Symposium on Networked Systems Design and Implementation (NSDI) |

Presentation (ppt) | Related File

Machine learning (ML) is widely used to derive useful information from large-scale data (such as user activities, pictures, and videos) generated at increasingly rapid rates, all over the world. Unfortunately, it is infeasible to move all this globally-generated data to a centralized data center before running an ML algorithm over it—moving large amounts of raw data over wide-area networks (WANs) can be extremely slow, and is also subject to the constraints of privacy and data sovereignty laws. This motivates the need for a geo-distributed ML system spanning multiple data centers. Unfortunately, communicating over WANs can significantly degrade ML system performance (by as much as 53.7X in our study) because the communication overwhelms the limited WAN bandwidth.

Our goal in this work is to develop a geo-distributed ML system that (1) employs an intelligent communication mechanism over WANs to efficiently utilize the scarce WAN bandwidth, while retaining the accuracy and correctness guarantees of an ML algorithm; and (2) is generic and flexible enough to run a wide range of ML algorithms, without requiring any changes to the algorithms.

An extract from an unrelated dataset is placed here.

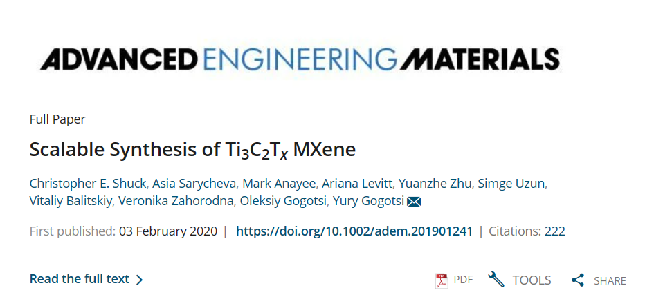 MXene是一种新型二维片层的纳米材料,它是通过使用氟化氢刻蚀其前驱体MAX相获得。其中Ti3C2Tx是MXenes系列材料的一种,也是目前 MXenes材料研究比较多的一种,其剥离制备技术最为成熟。本文对 “MXene 之父”Yury Gogotsi课题组关于MXene相关的工作进行了汇总。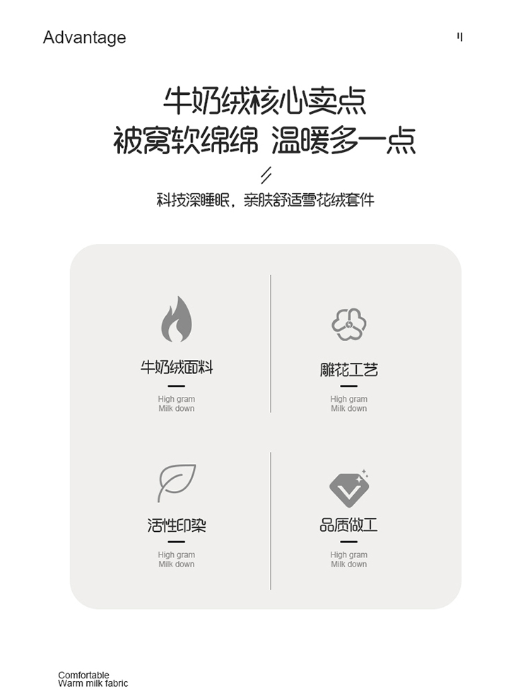 花漾家居 2024新款宽边牛奶绒四件套 月影,月影

To this end, we introduce a new, general geo-distributed ML system, Gaia, that decouples the communication within a data center from the communication between data centers, enabling different communication and consistency models for each. We present a new ML synchronization model, Approximate Synchronous Parallel (ASP), whose key idea is to dynamically eliminate insignificant communication between data centers while still guaranteeing the correctness of ML algorithms. Our experiments on our prototypes of Gaia running across 11 Amazon EC2 global regions and on a cluster that emulates EC2 WAN bandwidth show that Gaia provides 1.8–53.5X speedup over two state-of-the-art distributed ML systems, and is within 0.94–1.40X of the speed of running the same ML algorithm on machines on a local area network (LAN).